** Exercise requirements **
After locating the line with "vi invio la" below, output it and each following line exactly, stopping after the line with "Глубина нижних шкафов". No pictures.

** Provided data **
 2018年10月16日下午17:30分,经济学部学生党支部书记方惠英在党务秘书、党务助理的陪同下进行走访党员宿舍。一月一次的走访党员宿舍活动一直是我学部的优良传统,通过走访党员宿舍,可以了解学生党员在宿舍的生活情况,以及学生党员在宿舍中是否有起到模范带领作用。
--
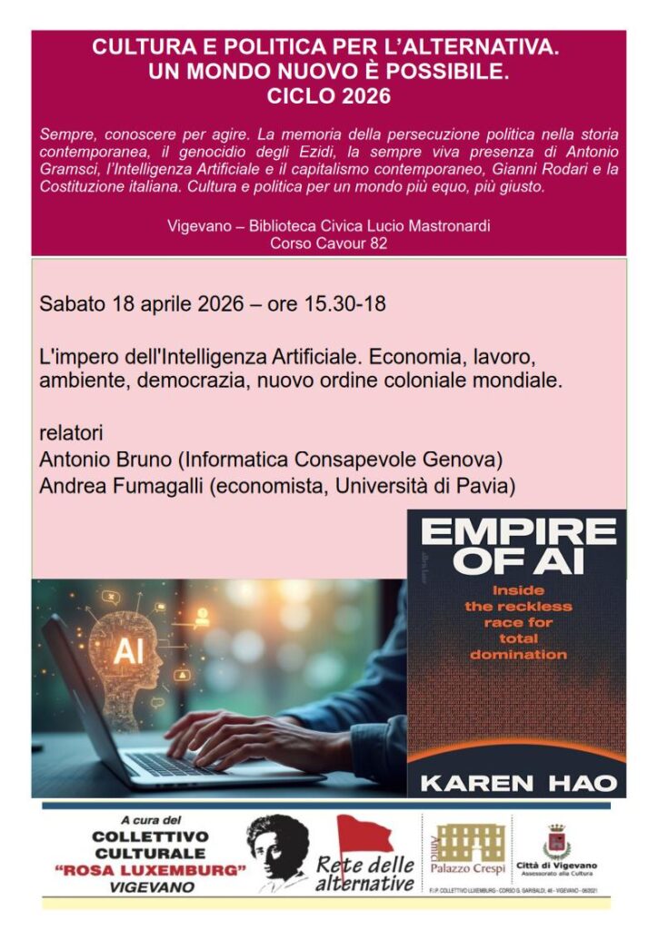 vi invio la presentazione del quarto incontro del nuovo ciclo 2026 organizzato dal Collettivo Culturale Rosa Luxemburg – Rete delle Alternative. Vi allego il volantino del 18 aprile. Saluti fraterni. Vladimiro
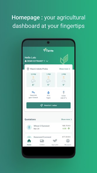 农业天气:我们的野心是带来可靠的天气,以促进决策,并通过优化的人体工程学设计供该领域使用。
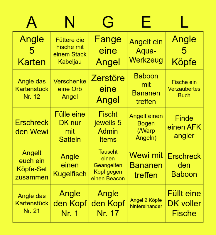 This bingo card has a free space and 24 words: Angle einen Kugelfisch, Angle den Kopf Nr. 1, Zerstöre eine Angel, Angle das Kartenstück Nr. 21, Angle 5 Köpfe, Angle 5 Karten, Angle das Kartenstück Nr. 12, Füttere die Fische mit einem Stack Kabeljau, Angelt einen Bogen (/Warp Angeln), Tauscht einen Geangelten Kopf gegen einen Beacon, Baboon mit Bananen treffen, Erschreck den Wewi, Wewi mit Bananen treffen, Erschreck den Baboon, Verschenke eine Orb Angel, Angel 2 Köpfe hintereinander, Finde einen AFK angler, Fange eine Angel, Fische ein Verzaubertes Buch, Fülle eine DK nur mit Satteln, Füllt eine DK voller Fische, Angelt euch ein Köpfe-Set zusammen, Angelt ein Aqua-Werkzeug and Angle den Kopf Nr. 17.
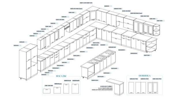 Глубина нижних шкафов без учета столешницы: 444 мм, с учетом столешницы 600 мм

** Written solution **
 vi invio la presentazione del quarto incontro del nuovo ciclo 2026 organizzato dal Collettivo Culturale Rosa Luxemburg – Rete delle Alternative. Vi allego il volantino del 18 aprile. Saluti fraterni. Vladimiro
 农业天气:我们的野心是带来可靠的天气,以促进决策,并通过优化的人体工程学设计供该领域使用。
 This bingo card has a free space and 24 words: Angle einen Kugelfisch, Angle den Kopf Nr. 1, Zerstöre eine Angel, Angle das Kartenstück Nr. 21, Angle 5 Köpfe, Angle 5 Karten, Angle das Kartenstück Nr. 12, Füttere die Fische mit einem Stack Kabeljau, Angelt einen Bogen (/Warp Angeln), Tauscht einen Geangelten Kopf gegen einen Beacon, Baboon mit Bananen treffen, Erschreck den Wewi, Wewi mit Bananen treffen, Erschreck den Baboon, Verschenke eine Orb Angel, Angel 2 Köpfe hintereinander, Finde einen AFK angler, Fange eine Angel, Fische ein Verzaubertes Buch, Fülle eine DK nur mit Satteln, Füllt eine DK voller Fische, Angelt euch ein Köpfe-Set zusammen, Angelt ein Aqua-Werkzeug and Angle den Kopf Nr. 17.
 Глубина нижних шкафов без учета столешницы: 444 мм, с учетом столешницы 600 мм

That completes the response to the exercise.